**Task requirements:** Repeat each record exactly. Any picture gets left out.

**Records supplied:**
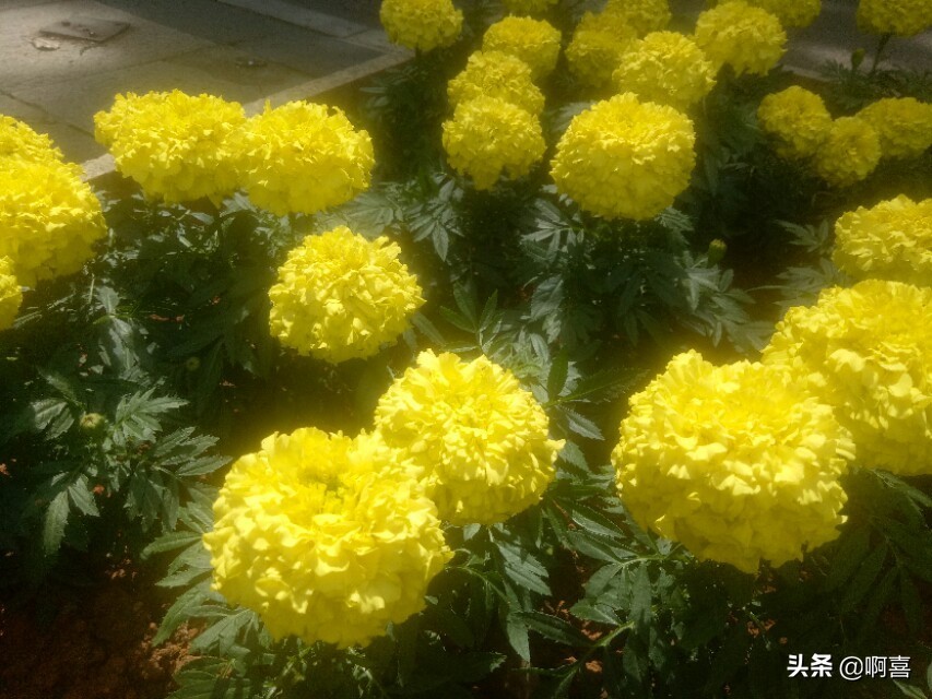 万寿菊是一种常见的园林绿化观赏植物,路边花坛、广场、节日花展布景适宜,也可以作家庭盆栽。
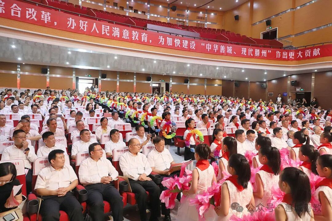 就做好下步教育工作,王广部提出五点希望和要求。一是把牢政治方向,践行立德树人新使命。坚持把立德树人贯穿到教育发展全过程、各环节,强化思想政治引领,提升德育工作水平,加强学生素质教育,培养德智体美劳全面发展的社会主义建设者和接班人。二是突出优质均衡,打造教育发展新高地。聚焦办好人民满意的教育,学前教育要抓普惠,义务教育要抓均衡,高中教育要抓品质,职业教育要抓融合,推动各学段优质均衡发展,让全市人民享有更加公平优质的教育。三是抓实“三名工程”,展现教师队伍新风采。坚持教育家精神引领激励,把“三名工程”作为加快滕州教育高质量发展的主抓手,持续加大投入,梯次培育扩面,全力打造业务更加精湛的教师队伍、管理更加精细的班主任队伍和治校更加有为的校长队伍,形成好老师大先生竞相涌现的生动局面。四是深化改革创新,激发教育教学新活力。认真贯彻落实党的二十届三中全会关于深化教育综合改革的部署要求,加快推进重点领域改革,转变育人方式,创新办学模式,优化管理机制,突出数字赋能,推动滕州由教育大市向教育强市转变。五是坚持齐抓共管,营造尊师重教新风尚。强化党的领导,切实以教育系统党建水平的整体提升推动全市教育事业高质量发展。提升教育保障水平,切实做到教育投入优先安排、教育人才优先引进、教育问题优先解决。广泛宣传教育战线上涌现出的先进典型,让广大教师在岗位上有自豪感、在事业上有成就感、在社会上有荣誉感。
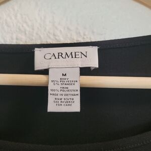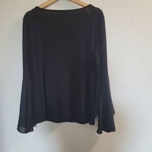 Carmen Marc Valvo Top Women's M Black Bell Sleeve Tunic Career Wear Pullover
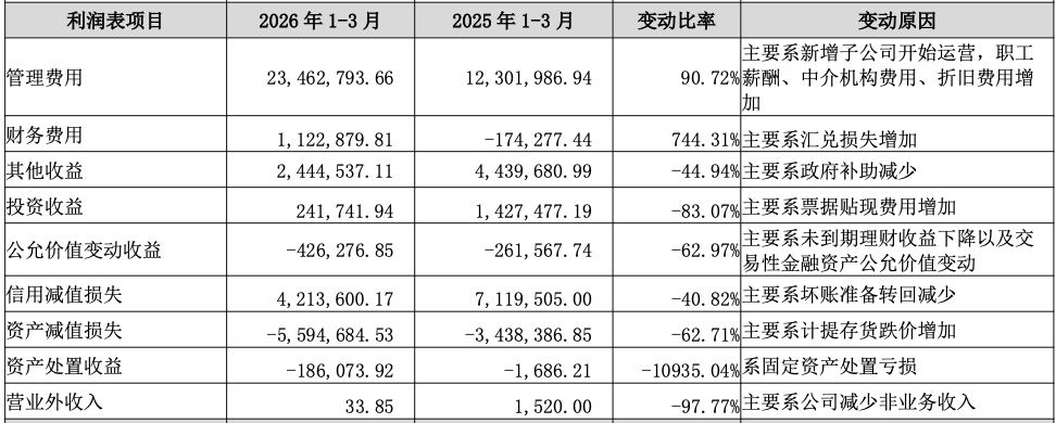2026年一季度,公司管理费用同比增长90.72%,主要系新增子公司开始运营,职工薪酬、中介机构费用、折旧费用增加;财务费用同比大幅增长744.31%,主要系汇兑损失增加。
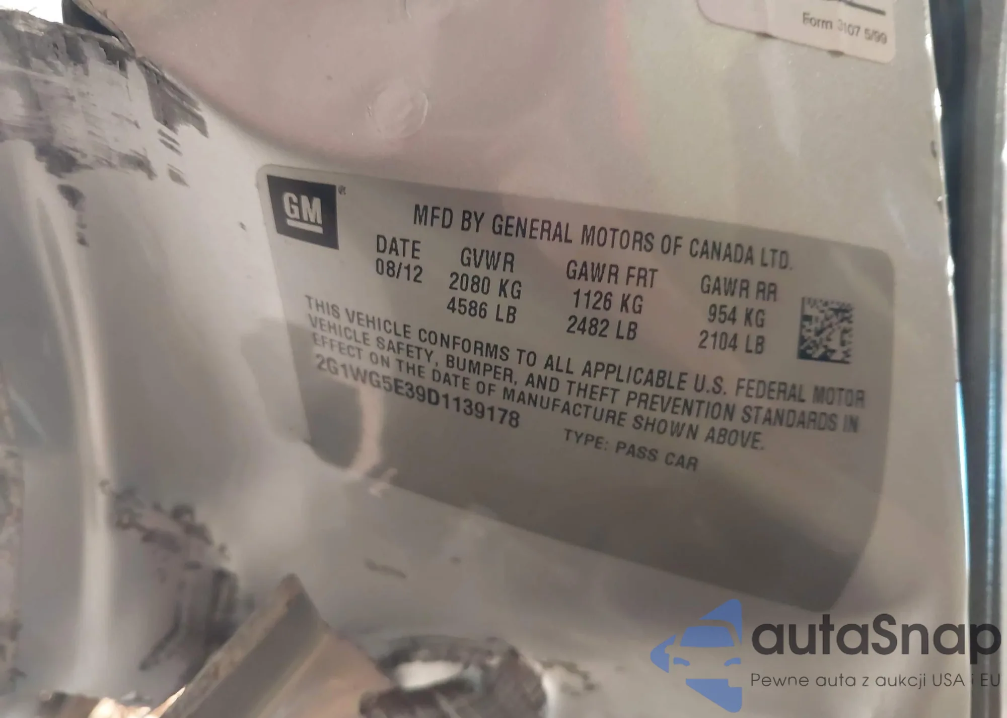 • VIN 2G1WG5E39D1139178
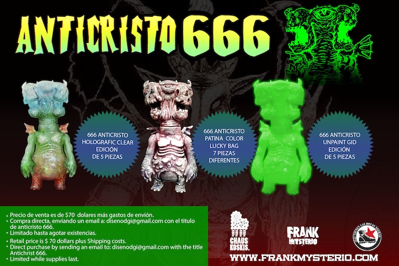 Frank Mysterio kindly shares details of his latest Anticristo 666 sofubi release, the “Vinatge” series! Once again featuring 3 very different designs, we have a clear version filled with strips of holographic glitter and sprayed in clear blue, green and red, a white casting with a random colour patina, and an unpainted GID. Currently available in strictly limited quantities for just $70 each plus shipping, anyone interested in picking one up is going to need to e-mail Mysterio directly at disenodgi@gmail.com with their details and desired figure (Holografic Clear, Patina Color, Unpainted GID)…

**Answer to this problem:**
 万寿菊是一种常见的园林绿化观赏植物,路边花坛、广场、节日花展布景适宜,也可以作家庭盆栽。
 就做好下步教育工作,王广部提出五点希望和要求。一是把牢政治方向,践行立德树人新使命。坚持把立德树人贯穿到教育发展全过程、各环节,强化思想政治引领,提升德育工作水平,加强学生素质教育,培养德智体美劳全面发展的社会主义建设者和接班人。二是突出优质均衡,打造教育发展新高地。聚焦办好人民满意的教育,学前教育要抓普惠,义务教育要抓均衡,高中教育要抓品质,职业教育要抓融合,推动各学段优质均衡发展,让全市人民享有更加公平优质的教育。三是抓实“三名工程”,展现教师队伍新风采。坚持教育家精神引领激励,把“三名工程”作为加快滕州教育高质量发展的主抓手,持续加大投入,梯次培育扩面,全力打造业务更加精湛的教师队伍、管理更加精细的班主任队伍和治校更加有为的校长队伍,形成好老师大先生竞相涌现的生动局面。四是深化改革创新,激发教育教学新活力。认真贯彻落实党的二十届三中全会关于深化教育综合改革的部署要求,加快推进重点领域改革,转变育人方式,创新办学模式,优化管理机制,突出数字赋能,推动滕州由教育大市向教育强市转变。五是坚持齐抓共管,营造尊师重教新风尚。强化党的领导,切实以教育系统党建水平的整体提升推动全市教育事业高质量发展。提升教育保障水平,切实做到教育投入优先安排、教育人才优先引进、教育问题优先解决。广泛宣传教育战线上涌现出的先进典型,让广大教师在岗位上有自豪感、在事业上有成就感、在社会上有荣誉感。
 Carmen Marc Valvo Top Women's M Black Bell Sleeve Tunic Career Wear Pullover
2026年一季度,公司管理费用同比增长90.72%,主要系新增子公司开始运营,职工薪酬、中介机构费用、折旧费用增加;财务费用同比大幅增长744.31%,主要系汇兑损失增加。
 • VIN 2G1WG5E39D1139178
 Frank Mysterio kindly shares details of his latest Anticristo 666 sofubi release, the “Vinatge” series! Once again featuring 3 very different designs, we have a clear version filled with strips of holographic glitter and sprayed in clear blue, green and red, a white casting with a random colour patina, and an unpainted GID. Currently available in strictly limited quantities for just $70 each plus shipping, anyone interested in picking one up is going to need to e-mail Mysterio directly at disenodgi@gmail.com with their details and desired figure (Holografic Clear, Patina Color, Unpainted GID)…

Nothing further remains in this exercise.